Ирена Юргелевич - Чужой
К сожалению, Зенек не узнает об этом, потому что он теперь далеко и, наверно, никогда уж не вернется в Ольшины. Юлек поворачивается лицом к стенке. Он хотел бы уснуть и чтоб ему снился вчерашний день. Или завтрашний — каким бы он мог быть, если бы Зенек не ушел.
Воробьи утихомирились, и теперь слышно, как дышит Мариан, — глубоко и ровно, словно еще ночь. Со двора доносится блеяние козы; видно, бабка привязала ее к колышку. Под окном тоненько кукарекает молодой петушок.
Юлек лениво садится и свешивает ноги с кровати. Какой уж тут сон!
Внезапно он поднимает голову и прислушивается, как чуткий зверек. Сквозь блеяние козы и пение петуха послышались звуки условного свиста. «Это Вишенка! — проносится в голове у Юлека. — В такую рань?» Юлек знает, что Вишенка, как и Мариан, обожает поспать. Что ей могло понадобиться?
Юлек живо натягивает трусы, сует ноги в тапки, приглаживает пятерней волосы и выбегает во двор, а затем на улицу. Утренний холодок приятно пощипывает голые икры.
На дороге никого, только желтая соседская дворняжка лениво почесывает задней лапой живот.
— Вишенка! — негромко зовет Юлек.
Нет, ее не видать. Но не мог же он ошибиться, слух его никогда не обманывал. Не зная, что и думать, мальчик возвращается во двор.
Опять свист! Он раздается не с улицы, а из-за пруда, на задах огорода.
«С ума она сошла, что ли? — думает Юлек. — Что она там делает?»
Он мчится по узкой тропе между грядками, пробегает мимо пруда, распугав лягушек. — Вишенка!
Вокруг тихо. Теплый ветерок шелестит в листве дикой груши, окруженной терновником и гигантскими лопухами. «Спряталась, видно, — раздраженно думает Юлек. — Дурацкие девчоночьи штучки». Следовало бы, не теряя достоинства, пожать плечами и как ни в чем не бывало вернуться домой. Но какое уж тут достоинство, когда так скучно!
— Вишенка! — сердито кричит он.
— Юлек, — говорит кто-то негромко, с нажимом, как бы укоряя мальчика за излишний шум, — поди сюда.

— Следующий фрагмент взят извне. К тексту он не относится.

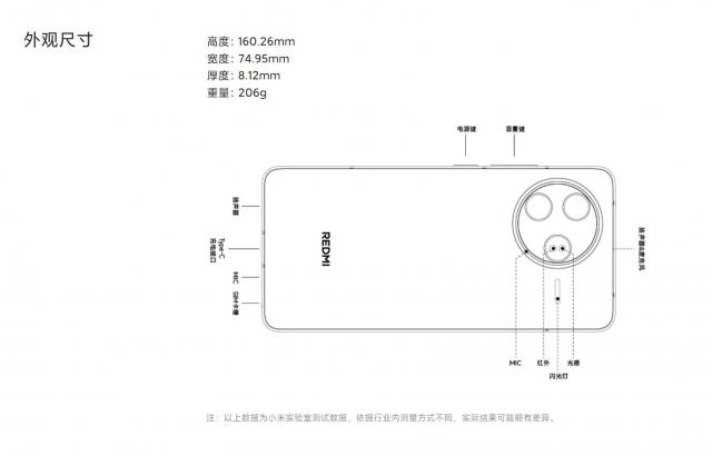 红米 Turbo4 选用塑料中框加玻璃后盖的设计,虽然在质感上略显不足,但也促使手机更轻,重量更轻, 203 克,厚度 8.06 mm,拿在手里比较容易。

Это не Вишенкин голос! Это голос… Юлек не смеет поверить. В два прыжка обегает кусты.
— Зенек!
Зенек сидит на покрытом травой пригорке и состругивает сучки со своей ореховой палки.
— Зенек! — изумленно и восторженно повторяет Юлек. — Это ты свистел?
— Нет. Папа римский.
Конечно, глупый вопрос. Юлек задал его машинально. Ему трудно поверить, что Зенек действительно здесь, — и вдобавок хочет о чем-то попросить!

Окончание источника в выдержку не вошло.